### [WHAT TO DO]
Look below for the line with "應(yīng)用說明:α-硫辛酸具有疏水基團(tuán)和羧酸基團(tuán),利用 Comixsil RP-AX". Retype it and every line after it to the end, exactly, but leave out the pictures.

Stored items
========================

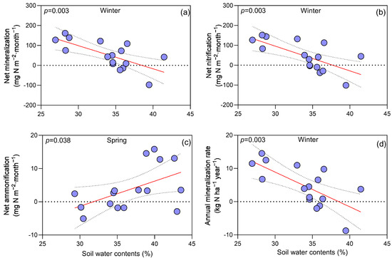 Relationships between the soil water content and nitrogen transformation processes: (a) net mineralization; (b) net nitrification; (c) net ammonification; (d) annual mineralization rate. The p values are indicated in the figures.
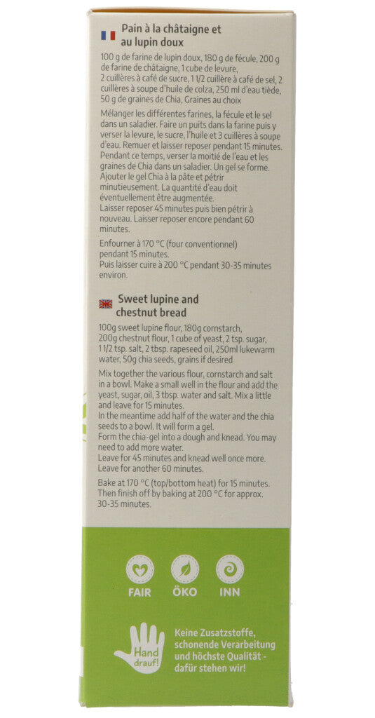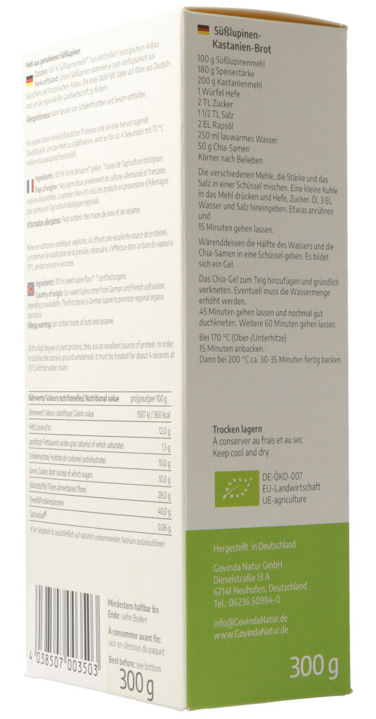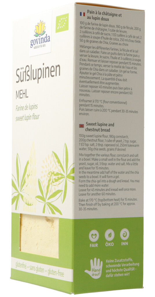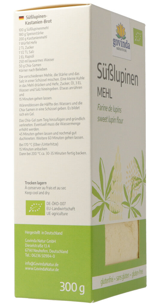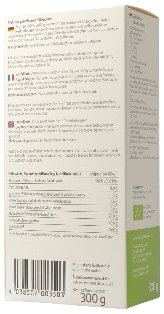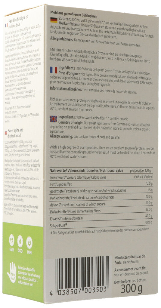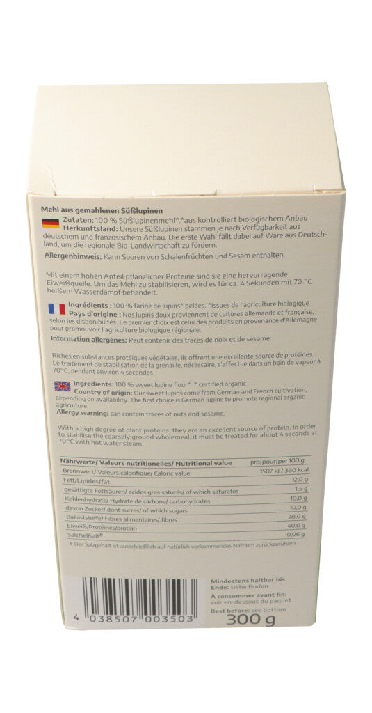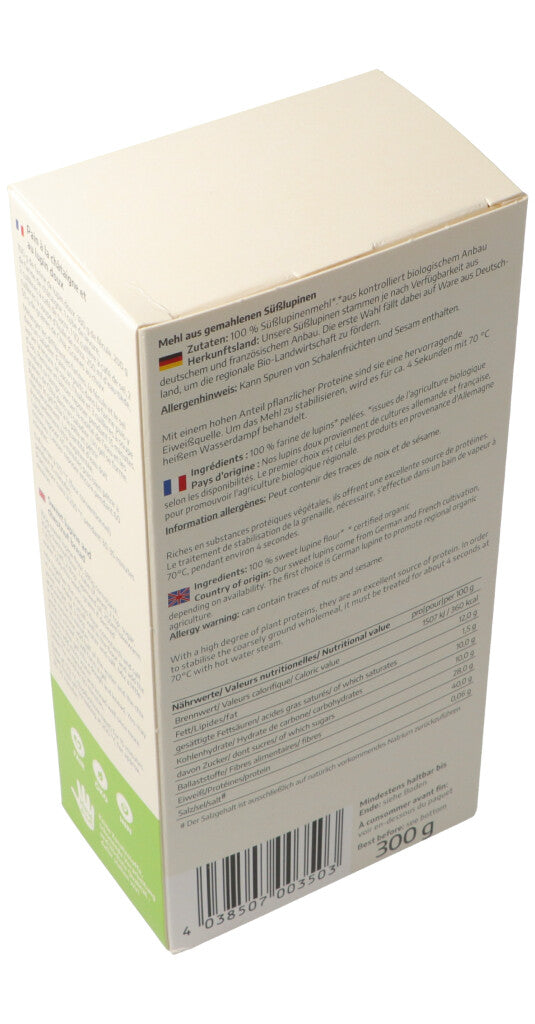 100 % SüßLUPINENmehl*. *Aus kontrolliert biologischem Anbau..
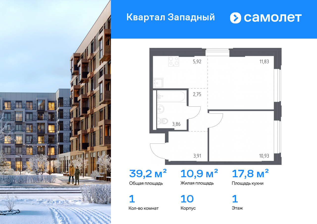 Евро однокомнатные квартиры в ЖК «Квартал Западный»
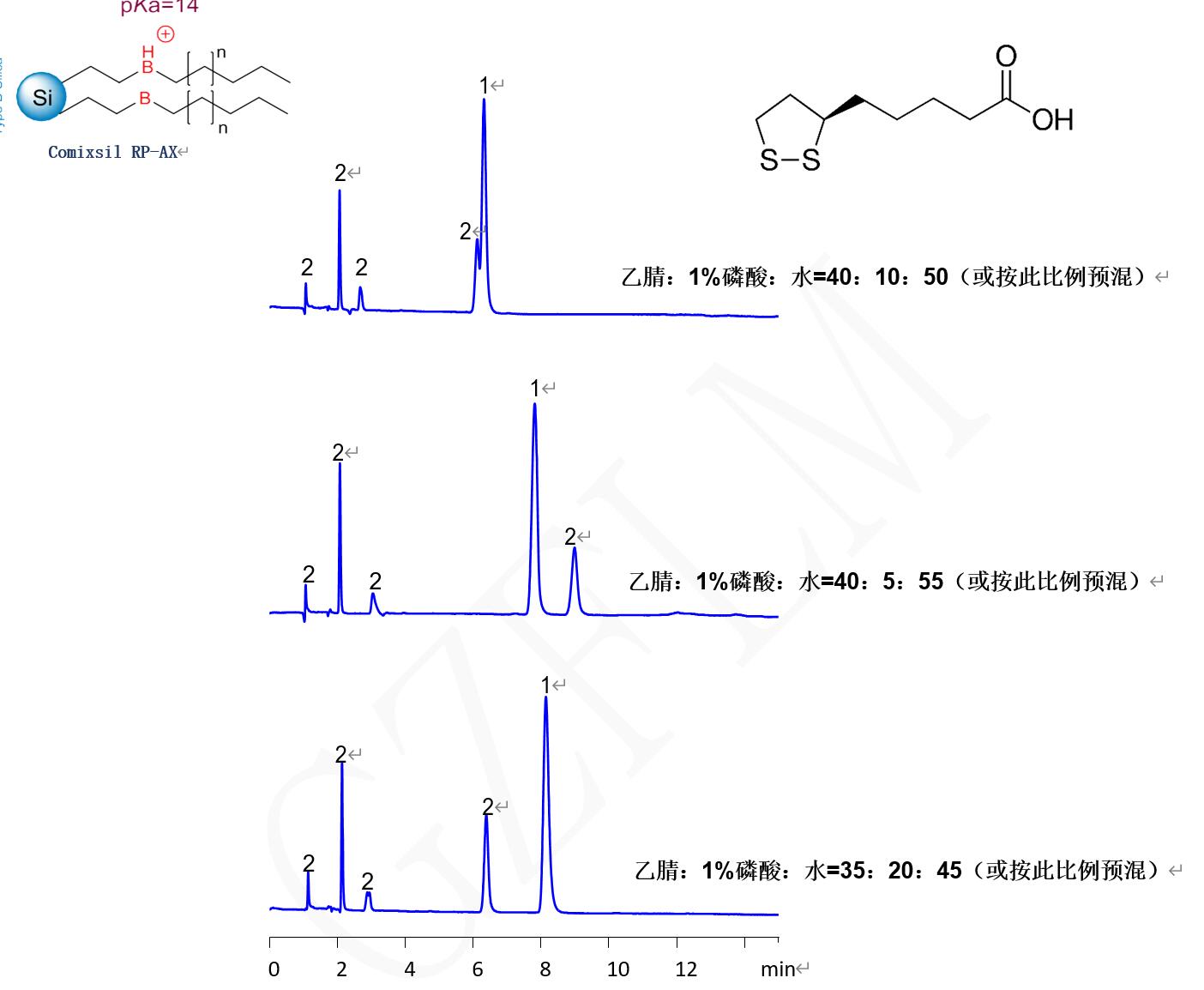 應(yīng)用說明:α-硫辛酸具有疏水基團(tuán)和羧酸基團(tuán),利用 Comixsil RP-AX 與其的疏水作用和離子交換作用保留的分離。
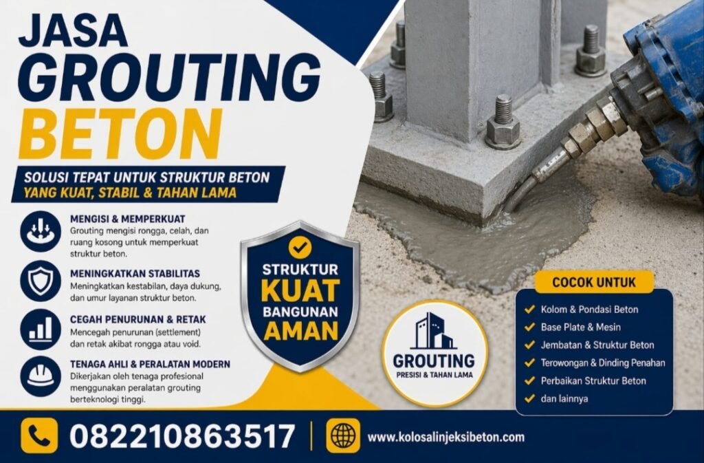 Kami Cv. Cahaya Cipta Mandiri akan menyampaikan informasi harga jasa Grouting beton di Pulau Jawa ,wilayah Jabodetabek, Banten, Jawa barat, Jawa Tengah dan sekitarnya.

========================

### [TASK RESPONSE]
 應(yīng)用說明:α-硫辛酸具有疏水基團(tuán)和羧酸基團(tuán),利用 Comixsil RP-AX 與其的疏水作用和離子交換作用保留的分離。
 Kami Cv. Cahaya Cipta Mandiri akan menyampaikan informasi harga jasa Grouting beton di Pulau Jawa ,wilayah Jabodetabek, Banten, Jawa barat, Jawa Tengah dan sekitarnya.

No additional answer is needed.